● **Data extracted from a collection**
====

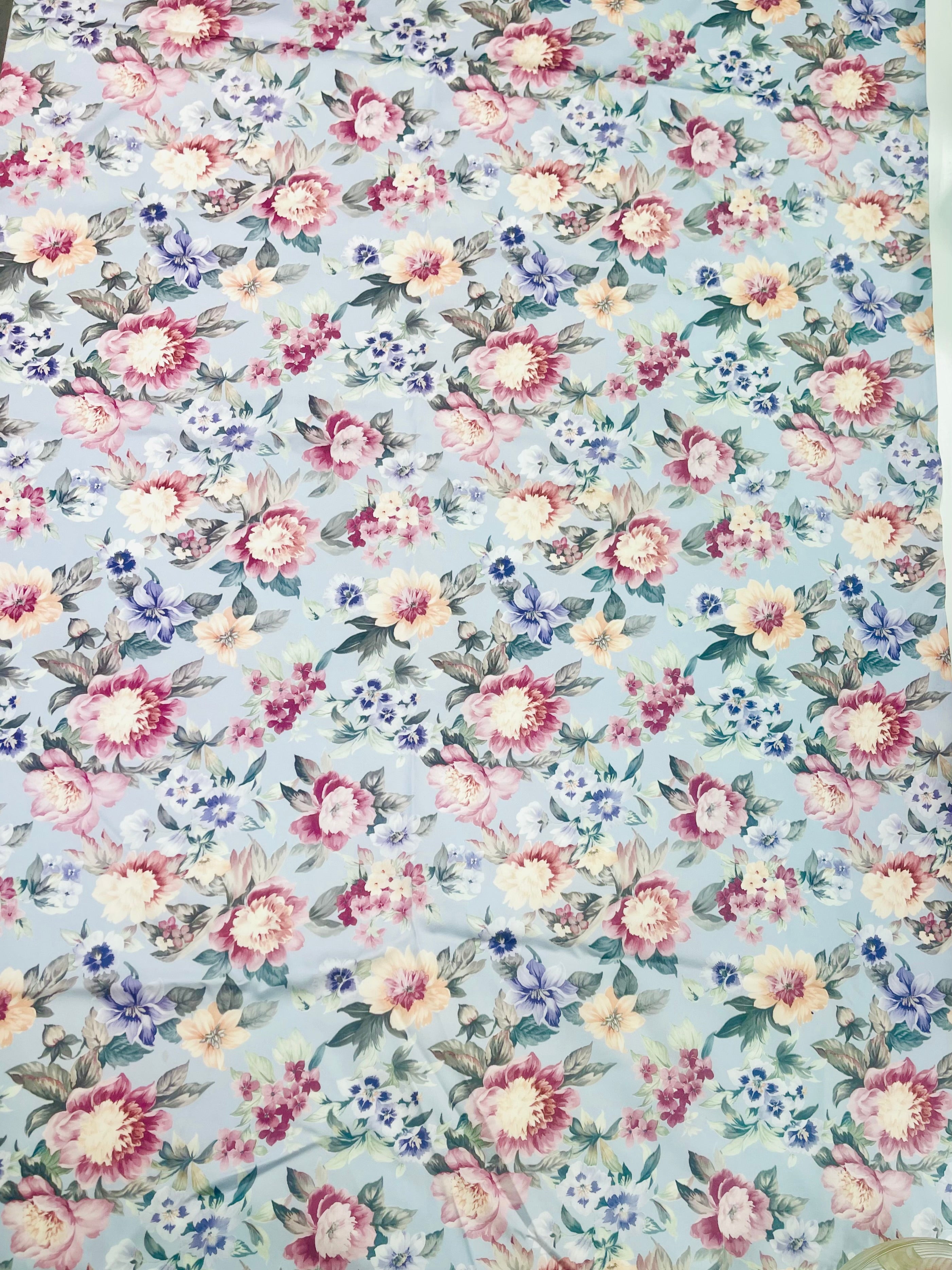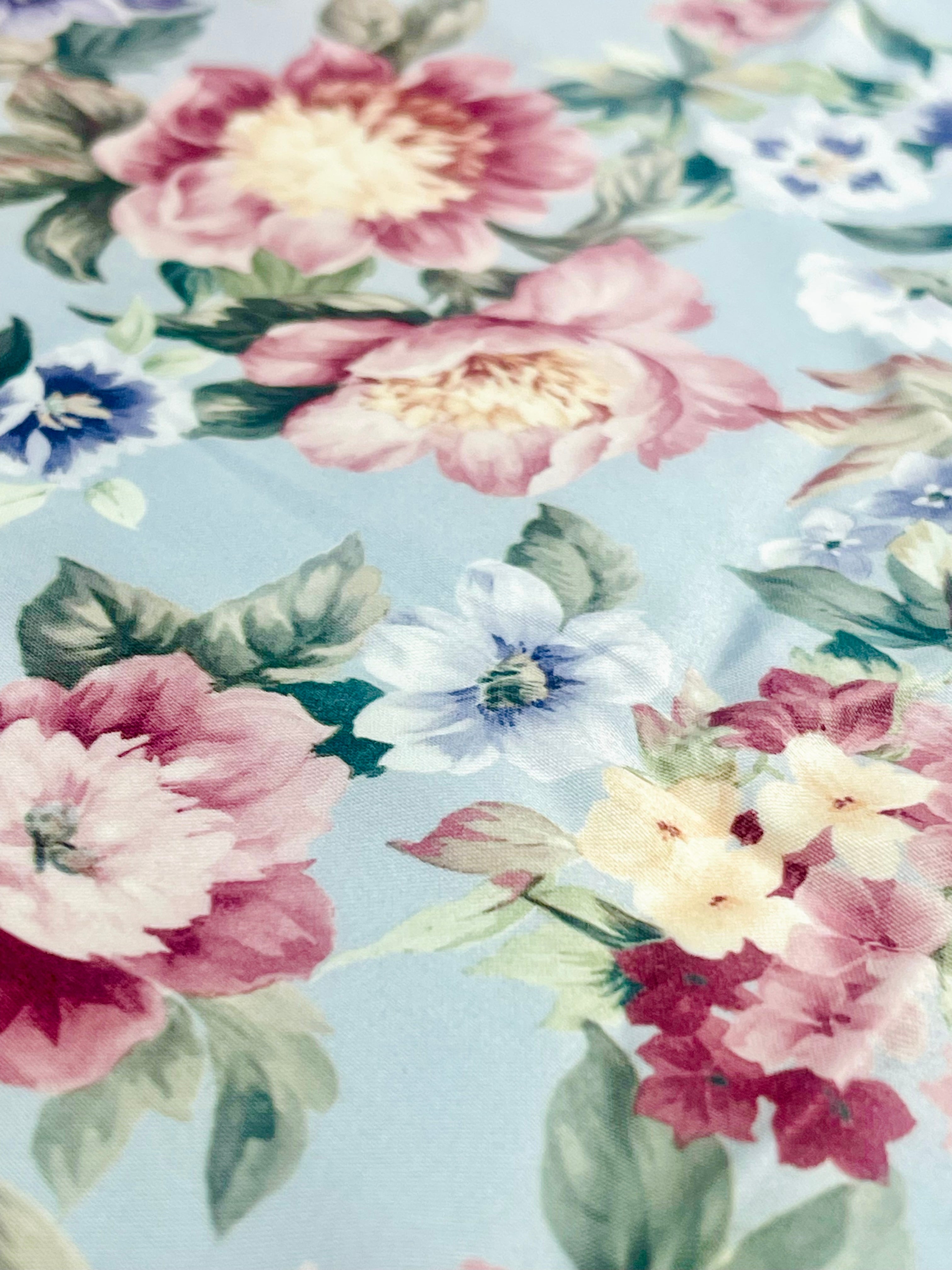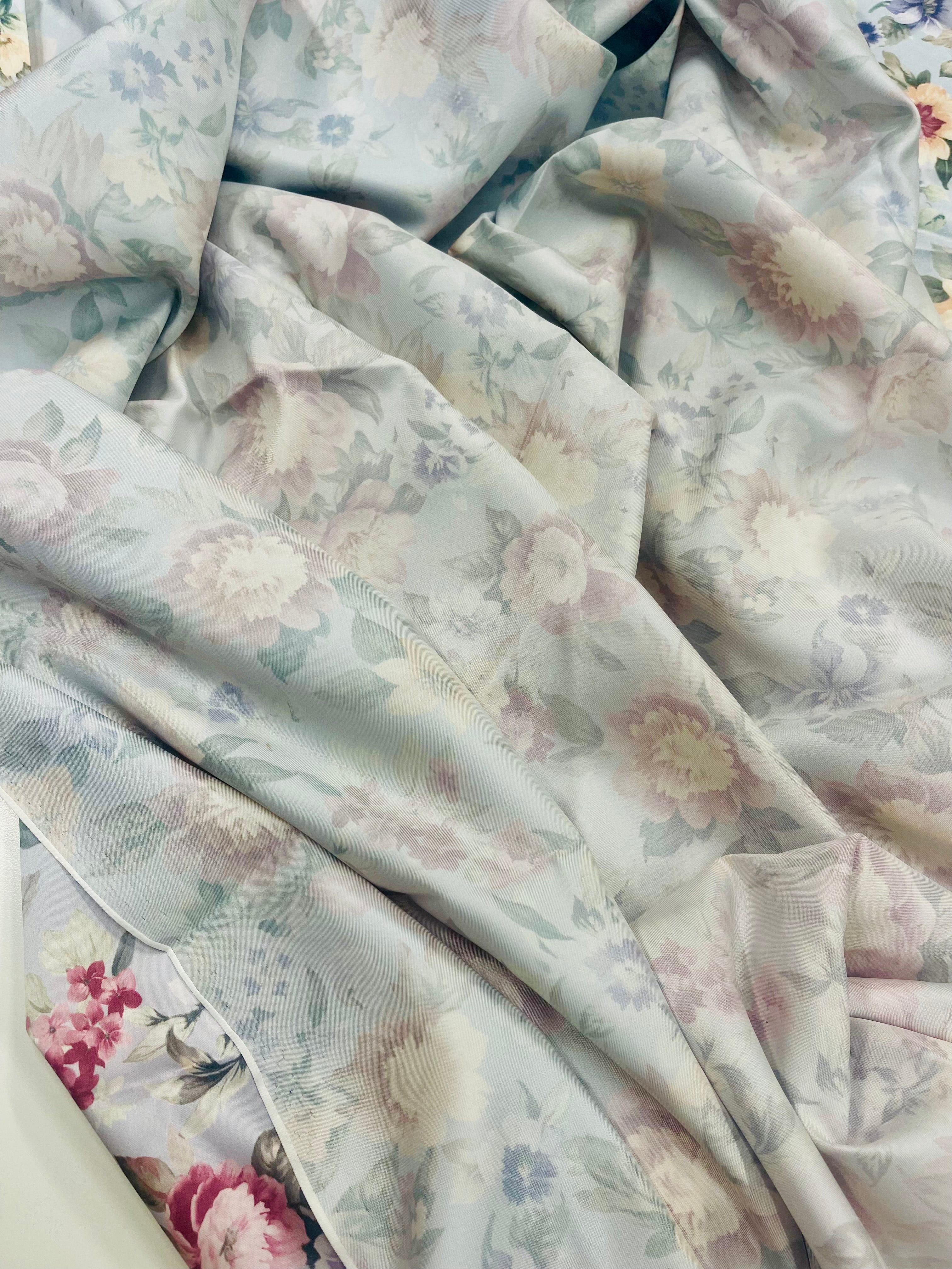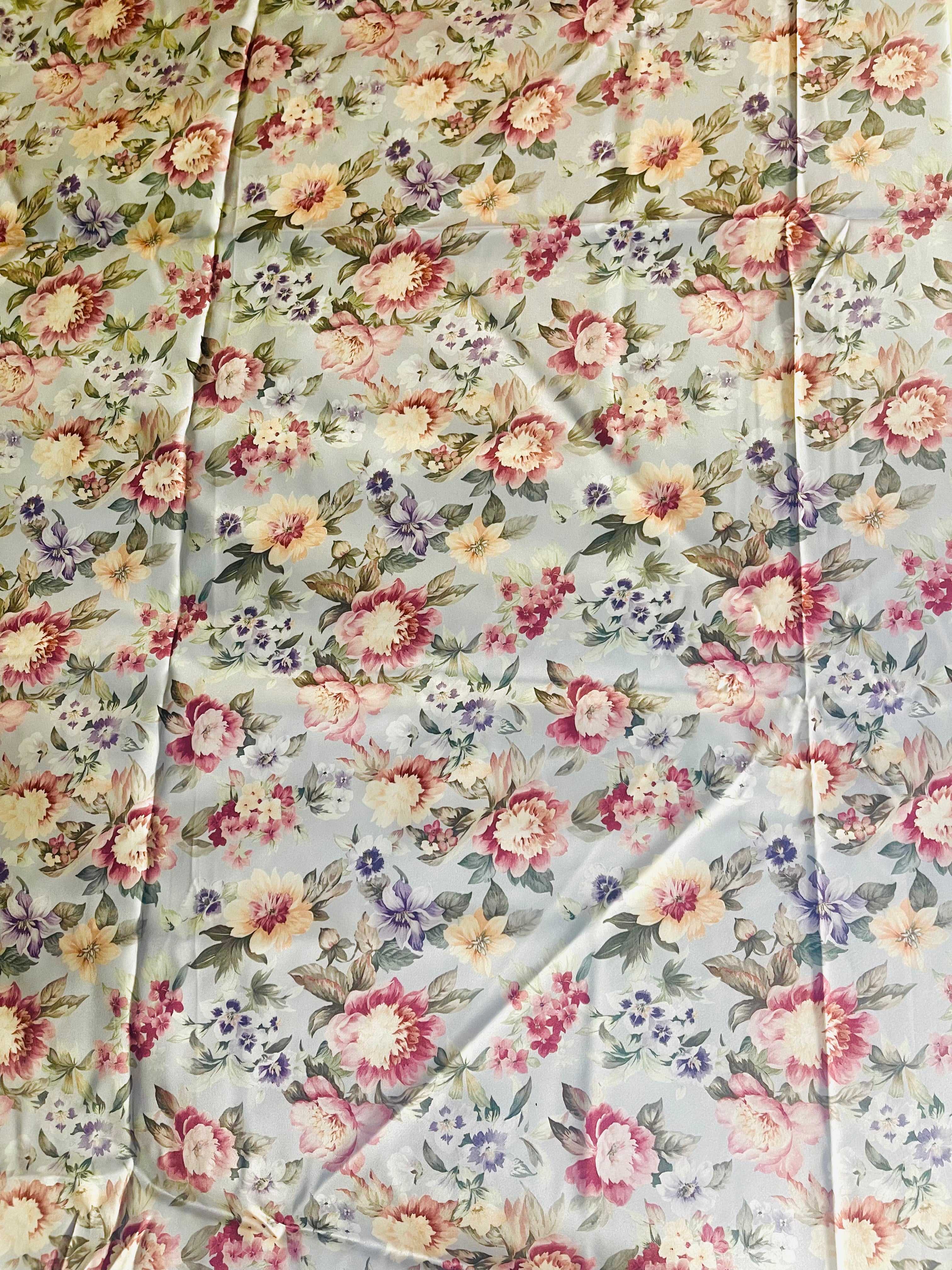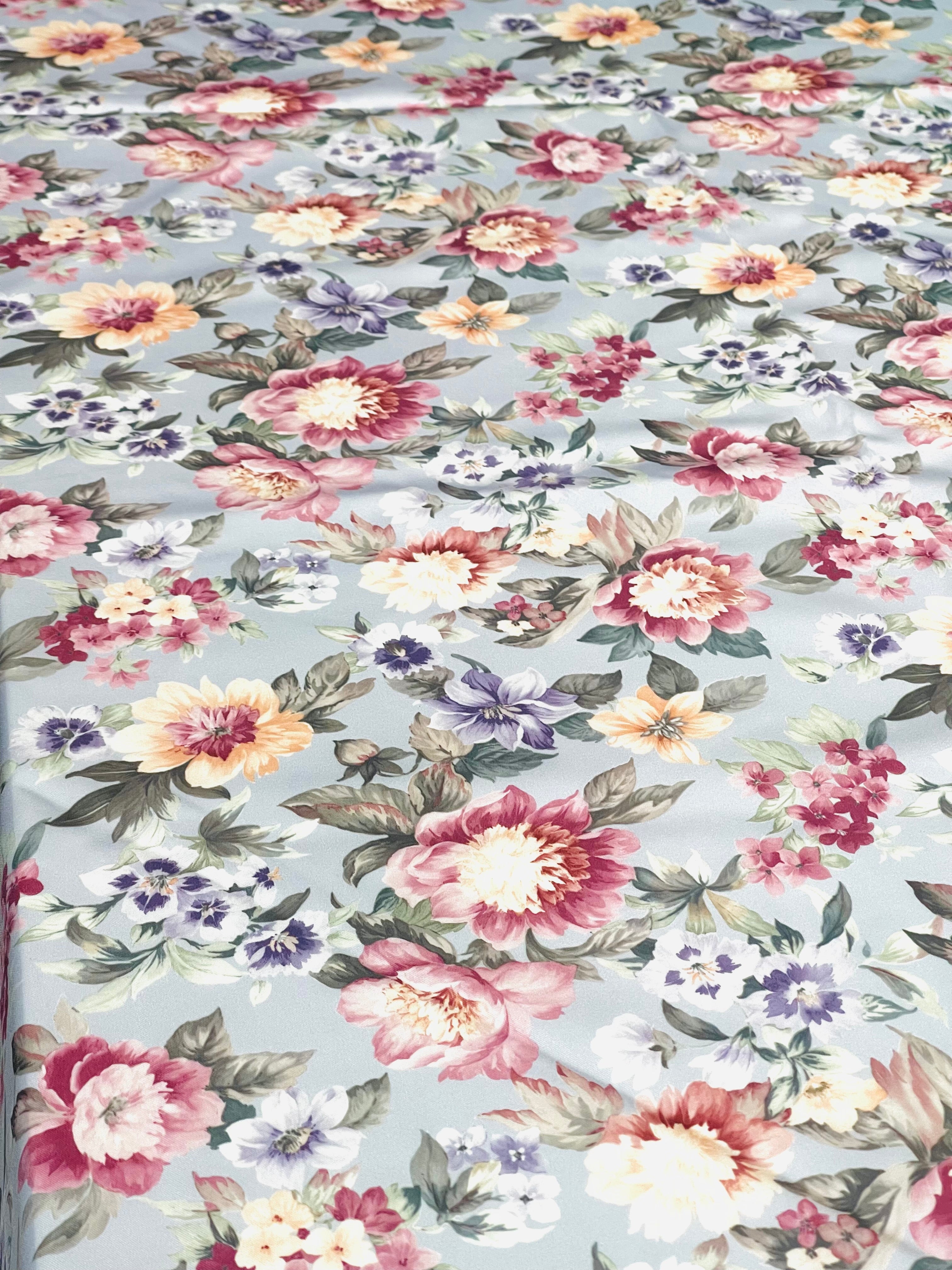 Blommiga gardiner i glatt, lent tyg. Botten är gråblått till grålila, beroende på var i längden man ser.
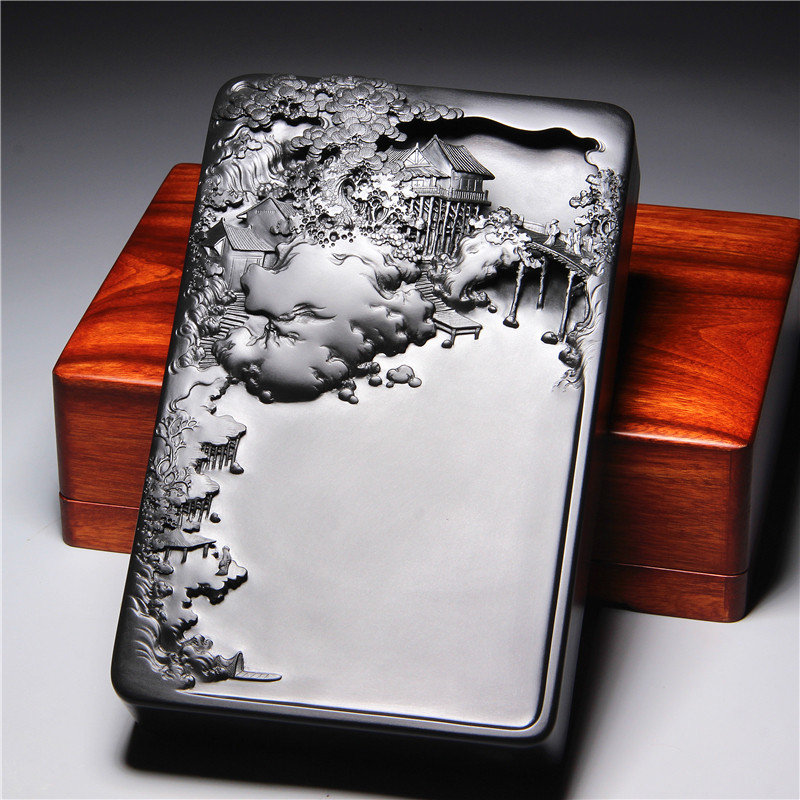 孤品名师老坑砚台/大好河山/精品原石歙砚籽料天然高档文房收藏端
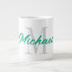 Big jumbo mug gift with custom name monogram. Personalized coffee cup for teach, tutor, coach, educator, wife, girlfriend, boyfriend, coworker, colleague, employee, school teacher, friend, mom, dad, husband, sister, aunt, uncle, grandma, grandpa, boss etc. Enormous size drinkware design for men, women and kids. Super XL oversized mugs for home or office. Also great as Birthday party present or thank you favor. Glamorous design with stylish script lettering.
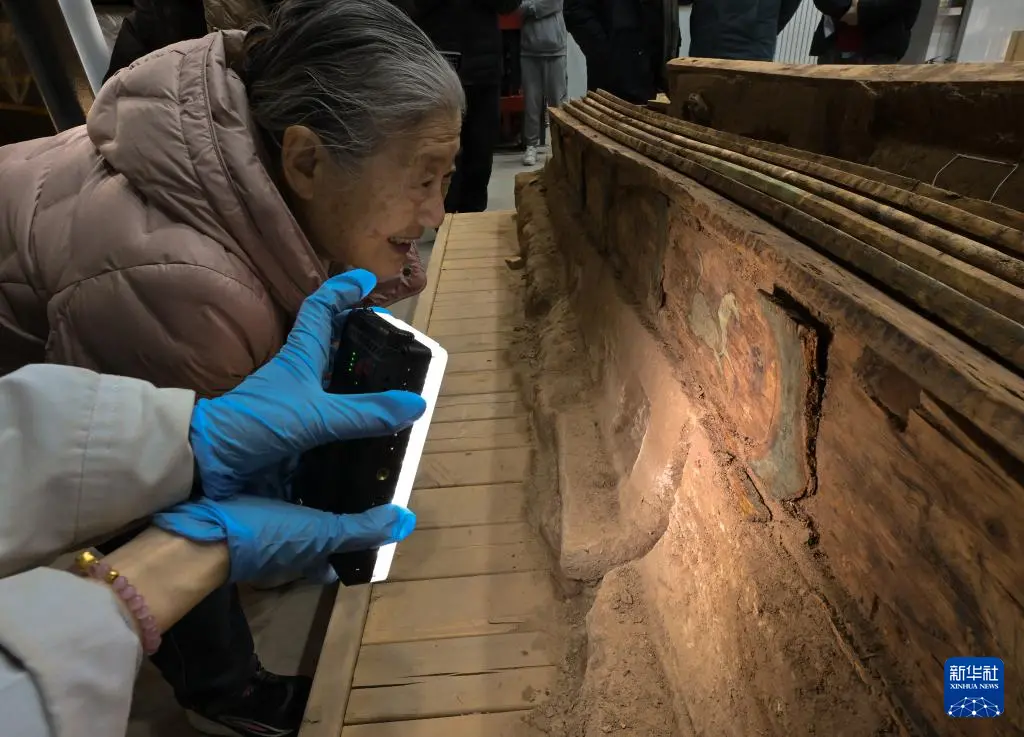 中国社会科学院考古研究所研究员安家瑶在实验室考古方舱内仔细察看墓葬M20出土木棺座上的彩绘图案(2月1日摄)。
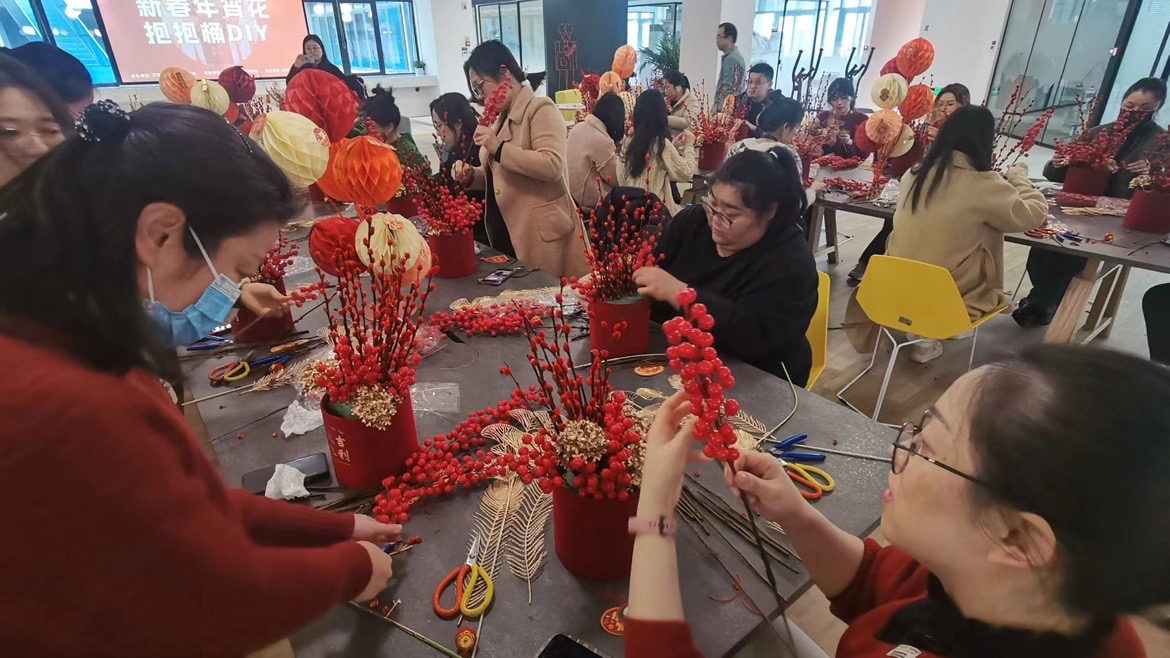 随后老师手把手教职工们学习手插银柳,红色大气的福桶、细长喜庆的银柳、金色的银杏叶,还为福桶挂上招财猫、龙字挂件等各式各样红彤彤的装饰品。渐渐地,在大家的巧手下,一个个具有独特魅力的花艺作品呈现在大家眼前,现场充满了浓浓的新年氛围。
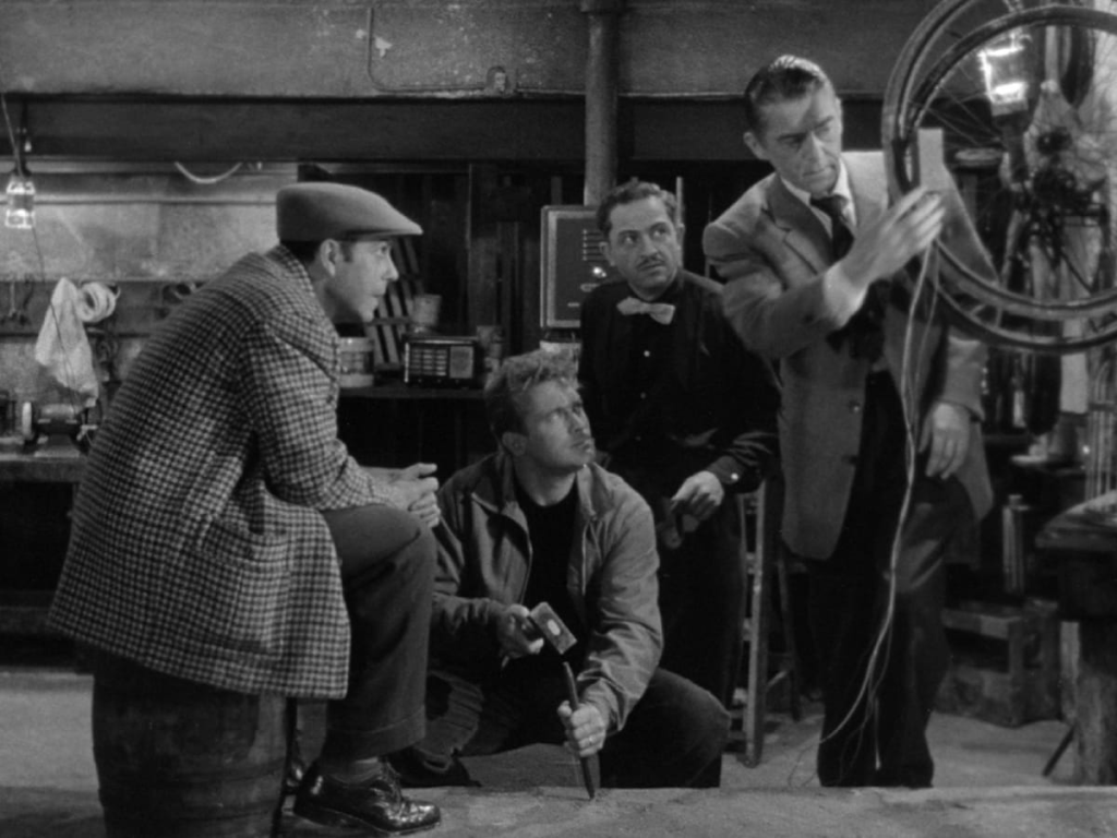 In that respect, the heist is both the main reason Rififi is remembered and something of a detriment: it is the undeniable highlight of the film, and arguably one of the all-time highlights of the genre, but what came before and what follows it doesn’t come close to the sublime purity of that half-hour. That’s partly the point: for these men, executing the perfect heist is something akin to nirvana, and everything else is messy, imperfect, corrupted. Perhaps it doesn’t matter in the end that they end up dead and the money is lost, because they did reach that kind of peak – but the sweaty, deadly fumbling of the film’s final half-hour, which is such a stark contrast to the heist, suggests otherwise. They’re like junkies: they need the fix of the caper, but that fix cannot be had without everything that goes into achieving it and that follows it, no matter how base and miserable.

====

● **WHAT THE TASK REQUIRES**
Return verbatim every line from the one holding "中国社会科学院考古研究所研究" to the end of the records above. Do not copy the pictures.

● **ANSWER SECTION**
 中国社会科学院考古研究所研究员安家瑶在实验室考古方舱内仔细察看墓葬M20出土木棺座上的彩绘图案(2月1日摄)。
 随后老师手把手教职工们学习手插银柳,红色大气的福桶、细长喜庆的银柳、金色的银杏叶,还为福桶挂上招财猫、龙字挂件等各式各样红彤彤的装饰品。渐渐地,在大家的巧手下,一个个具有独特魅力的花艺作品呈现在大家眼前,现场充满了浓浓的新年氛围。
 In that respect, the heist is both the main reason Rififi is remembered and something of a detriment: it is the undeniable highlight of the film, and arguably one of the all-time highlights of the genre, but what came before and what follows it doesn’t come close to the sublime purity of that half-hour. That’s partly the point: for these men, executing the perfect heist is something akin to nirvana, and everything else is messy, imperfect, corrupted. Perhaps it doesn’t matter in the end that they end up dead and the money is lost, because they did reach that kind of peak – but the sweaty, deadly fumbling of the film’s final half-hour, which is such a stark contrast to the heist, suggests otherwise. They’re like junkies: they need the fix of the caper, but that fix cannot be had without everything that goes into achieving it and that follows it, no matter how base and miserable.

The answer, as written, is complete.